You are viewing a plain text version of this content. The canonical link for it is here.
Posted to user@hbase.apache.org by alokob <al...@gmail.com> on 2015/02/04 08:09:08 UTC

Hbase multiget vs scan with RowFilter

Hello ,

I have a use case where I need to get a set of records from Hbase . Keys of
the records to be fetched from Hbase is know , so I wanted to know if its a
better way to use multi-get approach or scan with RowFilter will give the
better performance. Number of records to be fetched at a time are 500. 

I am using Hbase 0.98 , please suggest the approach. Also I wanted to know
if there is any limit on number of Filters we can apply to a scan  i.e. if
we can have 500 filters on a scan object. Thanks for any help.



--
View this message in context: http://apache-hbase.679495.n3.nabble.com/Hbase-multiget-vs-scan-with-RowFilter-tp4068066.html
Sent from the HBase User mailing list archive at Nabble.com.

Re: Hbase multiget vs scan with RowFilter

Posted by alokob <al...@gmail.com>.
Ted thanks. 

Yes I am going to try both the options.



--
View this message in context: http://apache-hbase.679495.n3.nabble.com/Hbase-multiget-vs-scan-with-RowFilter-tp4068066p4068136.html
Sent from the HBase User mailing list archive at Nabble.com.

Re: Hbase multiget vs scan with RowFilter

Posted by Ted Yu <yu...@gmail.com>.
alokob:
As Lars mentioned, for scan with RowFilter approach, set start and stop
rows properly so that the number of rows to scan is limited.

Probably you can play with both approaches using sample data to find out
which one is faster.

Cheers

On Wed, Feb 4, 2015 at 10:07 PM, lars hofhansl <la...@apache.org> wrote:

> It depends.
> A scan will always scan all rows between the passed start and stop rows
> (or all rows when none where passed).

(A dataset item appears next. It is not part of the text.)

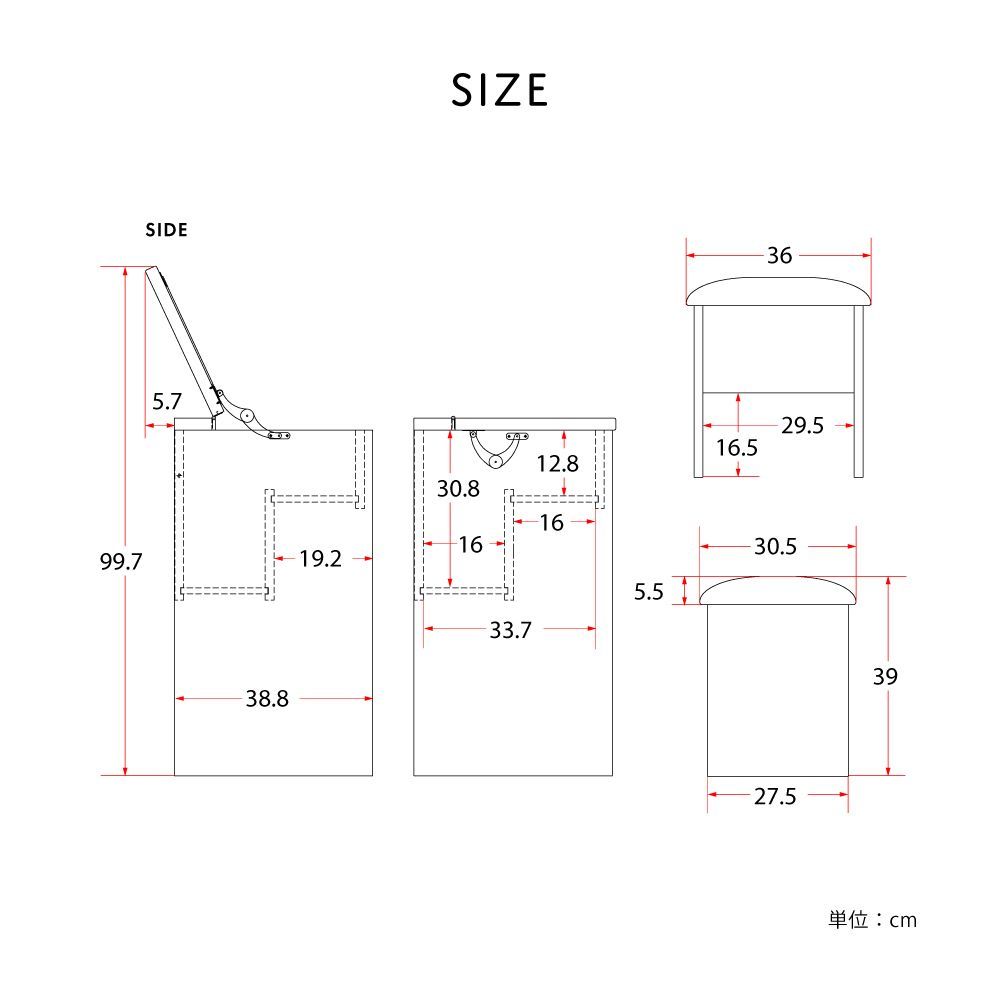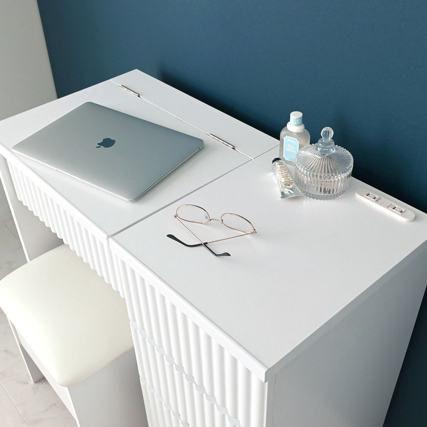 天板を閉じるとデスクに早変わり! 1台で2役をこなしてくれる、優秀なドレッサーです。

A Filter can filter rows out, but
> they will all be read in.A MultiGet does a seek (in a sense) for each Get.
> So if the set of Gets in the MultiGet is very small compared to the total
> number of rows you need to scan you'll be better off with that.If you can
> limit the set of rows to scan (i.e. there is a start and stop row not too
> far apart) a scan is faster.
> The numbers depend on many variables but Scan'ning a row in a larger set
> is probably 100-1000x faster than Get'ing a single row.
> -- Lars
>
>       From: alokob <al...@gmail.com>
>  To: user@hbase.apache.org
>  Sent: Wednesday, February 4, 2015 8:53 PM
>  Subject: Re: Hbase multiget vs scan with RowFilter
>
> Thanks Ted for your reply.
>
> I was under impression that scan with RowFilter would give better
> performance as in case of multi-get each Get would be treated as an
> independent scan. Or you mean to say that in case scan it would be full
> table scan but in case of multi-get it would be return once we get the row
> without continuing to scan , so multi-get would be efficient.
>
>
>
> --
> View this message in context:
> http://apache-hbase.679495.n3.nabble.com/Hbase-multiget-vs-scan-with-RowFilter-tp4068066p4068108.html
>
>
> Sent from the HBase User mailing list archive at Nabble.com.
>
>
>
>

Re: Hbase multiget vs scan with RowFilter

Posted by alokob <al...@gmail.com>.
Thanks Lars.

Total number of records we are expecting is in the range of 5-10 millions ,
and as the records which we are willing to fetch from Hbase are result of
search result so there is no notion of start or end row.  So depending on
you note with the scan approach I assume it will always be slower compared
to MultiGet.

Or may be I can sort by search result keys and then set first row as
start-row and last row as stop-row.



--
View this message in context: http://apache-hbase.679495.n3.nabble.com/Hbase-multiget-vs-scan-with-RowFilter-tp4068066p4068114.html
Sent from the HBase User mailing list archive at Nabble.com.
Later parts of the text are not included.